Seen this way, Serres does not abandon ancient moralities. He subjects them to pressure. He asks whether practices forged for small worlds can still function when humanity’s computational and technological reach has become planetary. His answer is not a new code, but a renewed discipline of attention: returning to the individual as the site where excess can still be intercepted, even as its consequences now propagate globally.
The British Enlightenment builds roads at an unprecedented speed and scale to transform the island into a networked economy.
Our computational power now covers the globe. We are a world-object.
Dissipation, Rejuvenation, and the Limits of Politics
The Incandescent does not ultimately offer a reform program or a blueprint for governance at planetary scale. Serres is clear-eyed about the limits of politics when action moves faster than institutions can respond. Law, policy, and regulation matter—but they arrive late.
Politics and law are downstream from culture, and culture is downstream from experience.
This is why Serres refuses both despair and utopia. He does not imagine that global systems can be mastered, nor that violence can be eliminated. Accursed shares are ineliminable at scale. Excess will always be produced. The question is not how to end this condition, but how to live within it without allowing surplus to collapse automatically into destruction.
The answer he gives is modest, almost disarming: dissipation begins locally, and it propagates gradually. Moral force does not scale by command. It spreads by contagion. A refusal here interrupts an escalation there. Energy burned off in one encounter does not vanish; it alters the conditions of the next.
This is why moral experience, even under planetary conditions, must return to the individual—not as hero, not as sovereign, and not as scapegoat, but as a site of interception.
The only energies we can reliably govern are the ones that pass through us.
In this sense, Serres’s thought is quietly radical but powerfully simple. He rejects the fantasy that salvation will arrive through total coordination, just as firmly as he rejects the fantasy that private virtue alone is enough. What he offers instead is a practice of rejuvenation: the renewal of inherited moral disciplines under new pressures, stretched just far enough to remain operative in a world defined by speed and scale.
Rejuvenation is not balance. It is not equilibrium. It is motion—continuous adjustment under changing conditions. Stoic restraint, Epicurean limits, Christian refusals of violence do not disappear; they are reactivated as techniques for living amid systems that cannot be fully seen or controlled. They become ways of keeping moral attention alive when consequence outruns comprehension.
Politics, if it is to have any future at planetary scale, can only emerge from this ground. Not from purity. Not from total vision.

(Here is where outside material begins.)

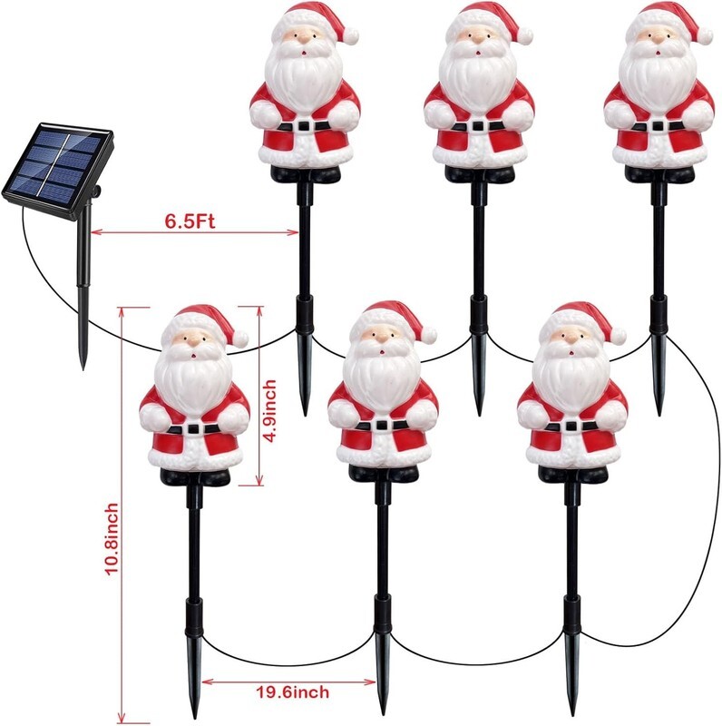 ?New Designed?: 6-IN-1 solar christmas stake lights, Total length: 15ft, lead wire length: 6.56ft, space between LEDs: 20 inch.very bright color eye-catching, very christmas festive display, perfect outdoor christmas decorations.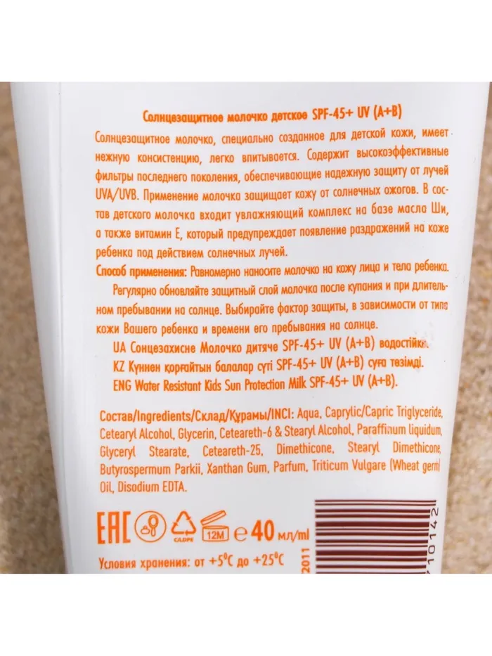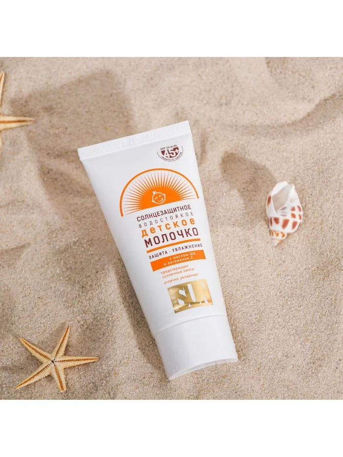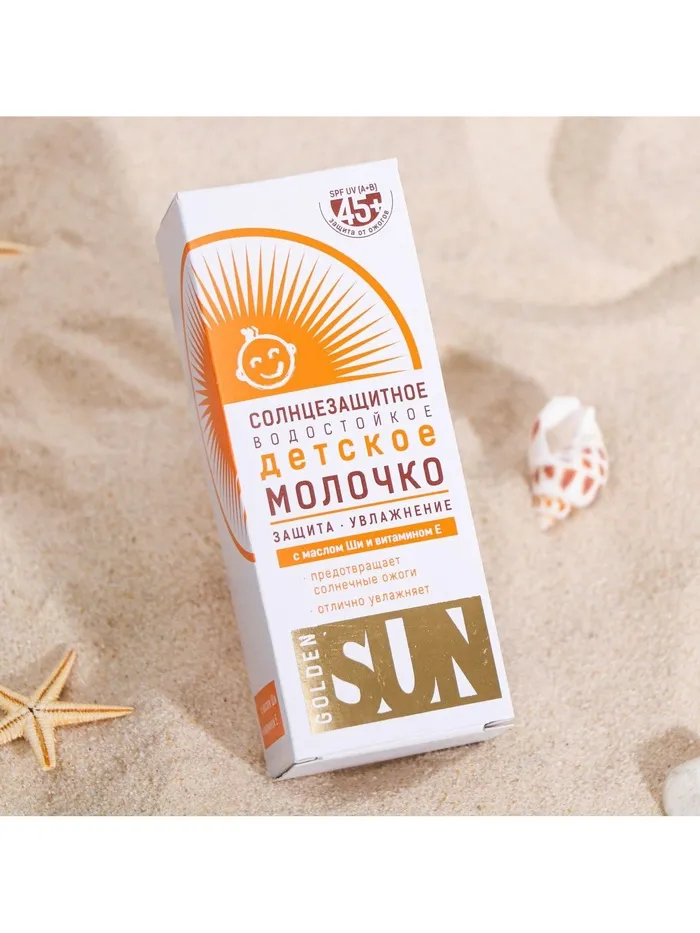 Детское молочко солнцезащитное "Golden Sun" SPF-45+ UV (A+B) водостойкое 40 мл. Детское молочко солнцезащитное SPF-45+ UV (A+B) водостойкое: -с маслом Ши и витамином Е. -предотвращает солнечные ожоги. -отлично увлажняет и смягчает. -без красителей. Солнцезащитное молочко, специально созданное для детской кожи, имеет нежную консистенцию, легко впитывается. Содержит высокоэффективные фильтры последнего поколения, обеспечивающие надежную защиту от лучей UVA/UVB. Применение молочка защищает кожу от солнечных ожогов. В состав детского молочка входит увлажняющий комплекс на базе масла Ши, а также витамин Е, который предупреждает появление раздражений на коже ребенка под действием солнечных лучей. Детское молочко солнцезащитное SPF 45+ - белого цвета, нежной консистенции.

But from countless acts of measured refusal that prevent violence from consolidating, scapegoats from forming, and excess from hardening into inevitability.
Serres leaves us, finally, not with solutions, but with orientation. Moral life does not end when scale overwhelms perception. It begins again—underscaled, fragile, and necessary—wherever violence is refused, energy is dissipated, and the next neighbor is invited into the same operation.
That, for Serres, is what it means to keep life from falling back into death.